Director, Alcohol and Drug Service, St Vincent's Hospital, Sydney, Australia

Conjoint Senior Lecturer, School of Public Health and Community Medicine, School of Medicine, The University of New South Wales, Sydney, Australia

Harm Reduction Journal 2005, 2:14 doi:10.1186/1477-7517-2-14

Published: 15 September 2005

First paragraph (this article has no abstract)

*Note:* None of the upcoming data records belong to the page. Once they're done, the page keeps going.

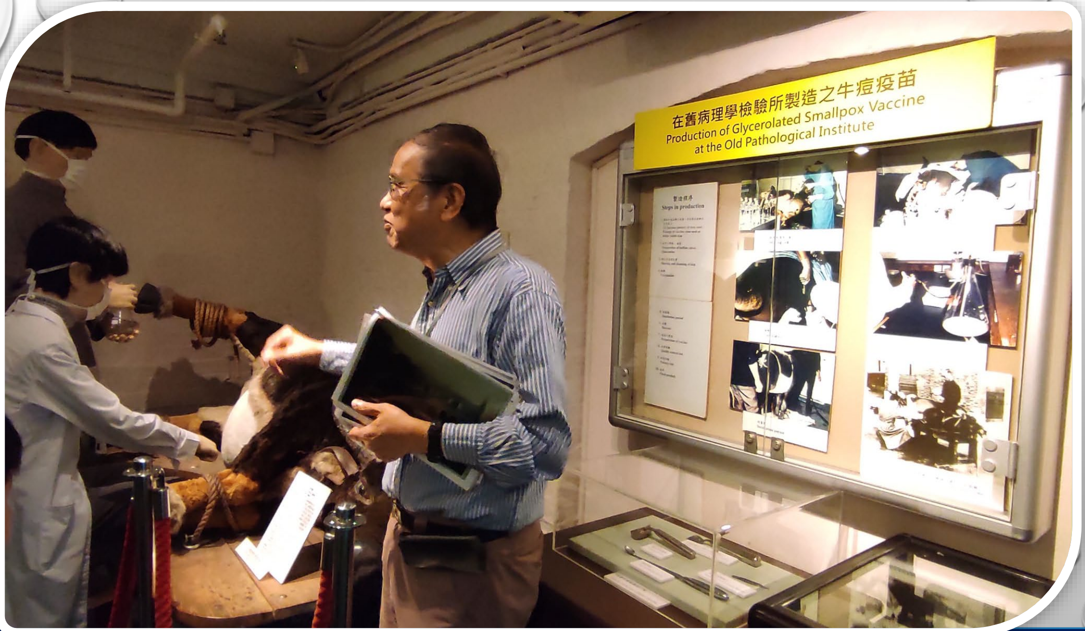
Docent explaining the development of vaccines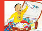
Ke ipaakanyeditse leeto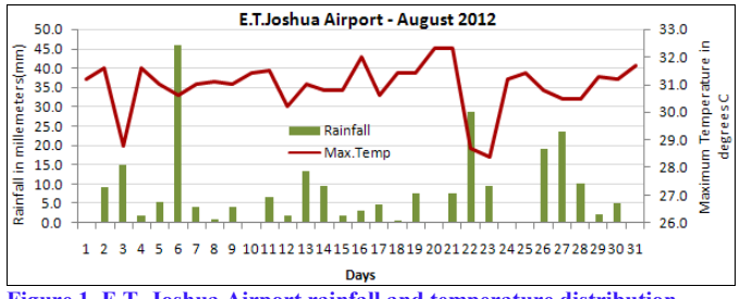
Figure 1. E.T. Joshua Airport rainfall and temperature distribution

Total rainfall recorded at E.T. Joshua Airport-Arnos Vale for August 2012 was 242.2mm (9.54 inches); 5.2 mm more than the long-term average of 237.0mm for August. The highest daily rainfall recorded was 45.9mm on the 6th (1.8 inches; See figure 1). There were 8 days with rainfall less than 1.0mm. On 3rd August tropical storm Ernesto passed North of St. Vincent and the Grenadines and on 22nd August, tropical storm Isaac passed North-North East of the islands, both produced cloudy skies, thunderstorms, occasional gusty winds and periods of continuous light showers which contributed to significant amounts of rainfall. (14.9mm and 28.7mm respectively). Maximum and Minimum temperatures recorded for August were higher than the 30-year averages by 0.4°C and 0.6°C respectively; (See Table 1).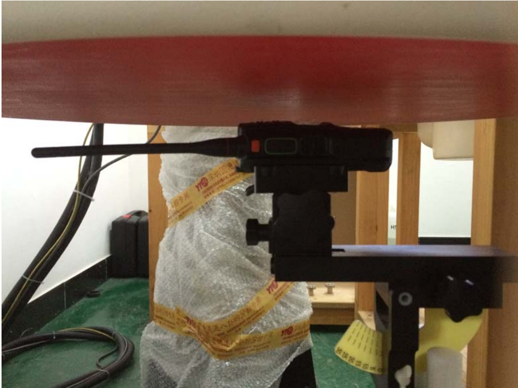
Face-held, the front of the EUT towards phantom (The distance was 25mm)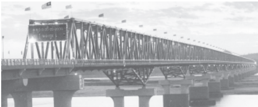
The 8989 feet long Ayeyawady Bridge (Magway) links Magway and Minbu.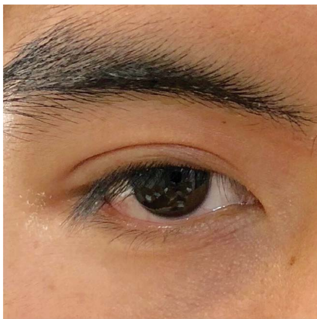
Fig. 2. Twenty-three-year-old man 2 years after “partial incision anchoring blepharoplasty” with verified history of using three buried 7-0 nylon sutures per eyelid. Crease height of RUL measured 8 mm centrally, and anatomic tarsal height was 7.5 mm. Deep crease is apparent on downgaze. Chief complaints were of eye strain, headaches, and occasional duplication of crease. (The verified record of the use of buried nondissolvable sutures to levator aponeurosis is consistent with level 6 construction.)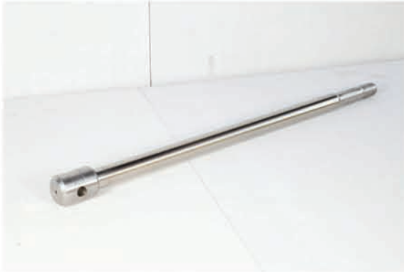
Mfg. & Coated Valve spindle of ST.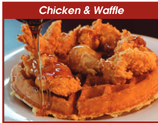
Chicken & Waffle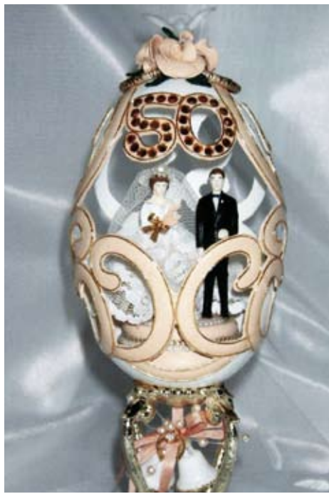
Large goose egg made for my parents' 50th wedding anniversary. The back showcases their names, wedding date, and one of their wedding photos.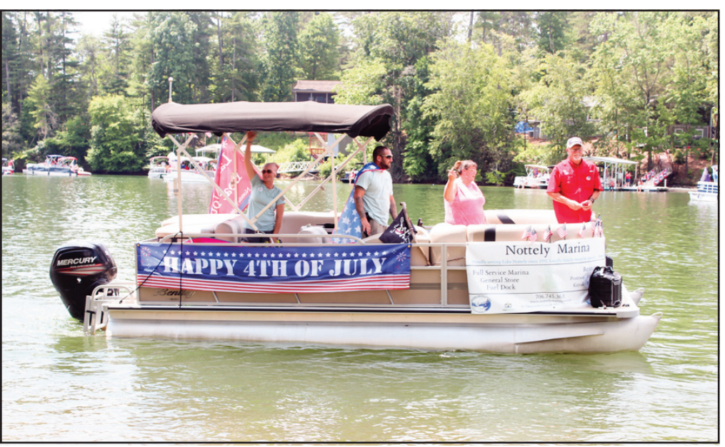
The Nottely Marina staff passed out trophies for crowd-favorite floats in the boat parade Saturday.

And then there was the with every pass around the inclusion of an amphibious car. Unlike the boats around him, the driver didn't require a motley crew, and he could Osborne's "Crazy Train" from be seen smiling and giving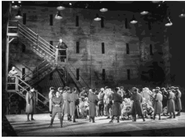
Prison guards surround inmates in this modern-dress production.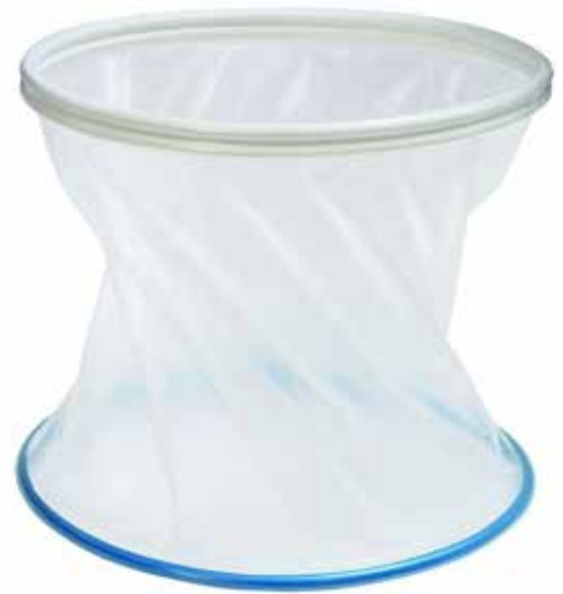
ViClean™ Wound Protectors (RIGID + FLEXIBLE RING)

Reid K, Pockney P, Draganic B, Smith SR. Barrier wound protection decreases surgical site infection in open elective colorectal surgery: A randomized clinical trial. Dis Colon Rectum. 2010;53(10):1374-1380.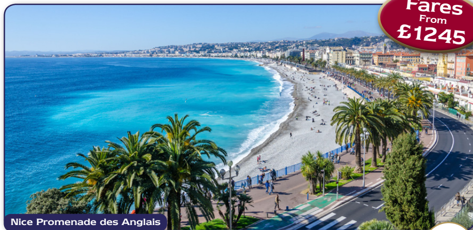
Nice Promenade des Anglais

The French Riviera! We visit some of the most famous destinations including a boat trip to sensational St Tropez and the scenic rail journey along the stunning coastal route to visit Monte Carlo.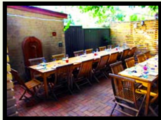
Outdoor Courtyard 30 persons Max.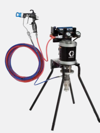
30:1 air-assist stand mount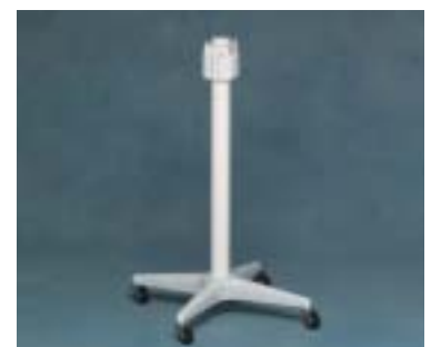
Roll Stand, Tall 65652-586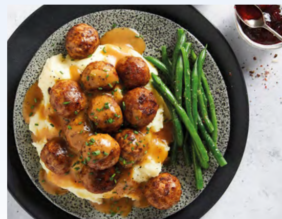
80963 Vegan Meatballs 14g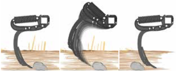
TerraGrip III illustration TerraGrip III 550 kg release force/30 cm trip height. When releasing the force decreases to 170 kg. This releases the stress on the frame.

When avoiding an obstacle, the force of the spring decreases from 500 kg to 175 kg. The force that acts on the frame is thus reduced considerably. The optimised spring kit allows for an exact coulter control in the desired working depth – even in heavy soils and large working depths. Due to high-quality material and large pivot points any greasing points become unnecessary.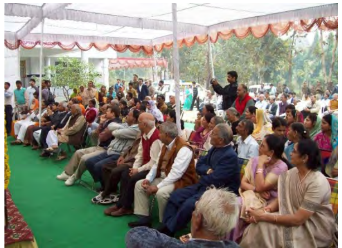
( hospital and crowd at the opening ceremony)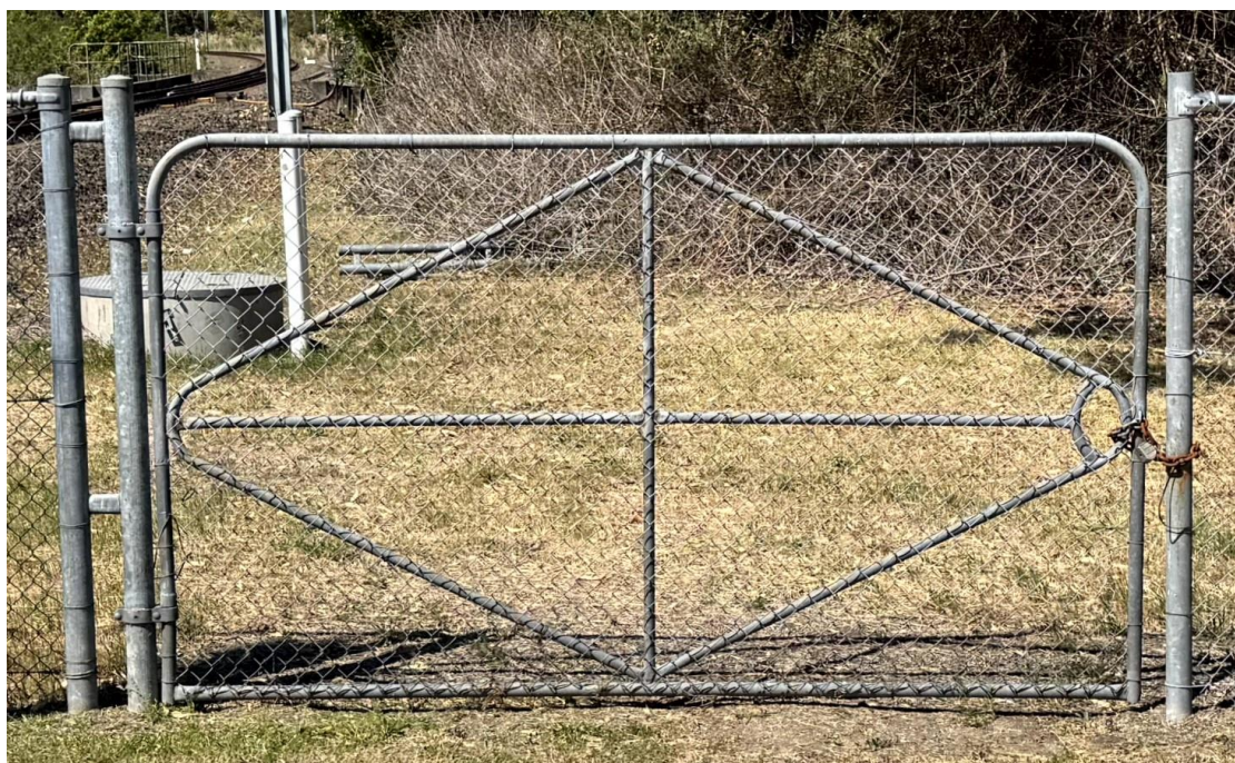
Image 3: Access gate 100 103.419 U on Princes Highway (through Commuter carpark).

At a two-day private meeting in Tokyo in June 2005, some of Japan's most senior politicians and powerbrokers met to consider the steadily expanding HIV/AIDS epidemic. AIDS has recently become a matter of increasing concern in Japan following an HIV epidemic in several major Japanese cities among Japanese men having sex with men at sex-on-premises venues. The Japanese elites at the Tokyo meeting were shocked to learn that the United States has by far the highest annual AIDS incidence among OECD countries at 15/100,000 [1]. Spain, with an annual AIDS incidence of 3.3/100,000, has the second highest rate among industrialized countries, while Australia was well down the ranking with an incidence only one tenth that of the United States at 1.5/100,000 [1].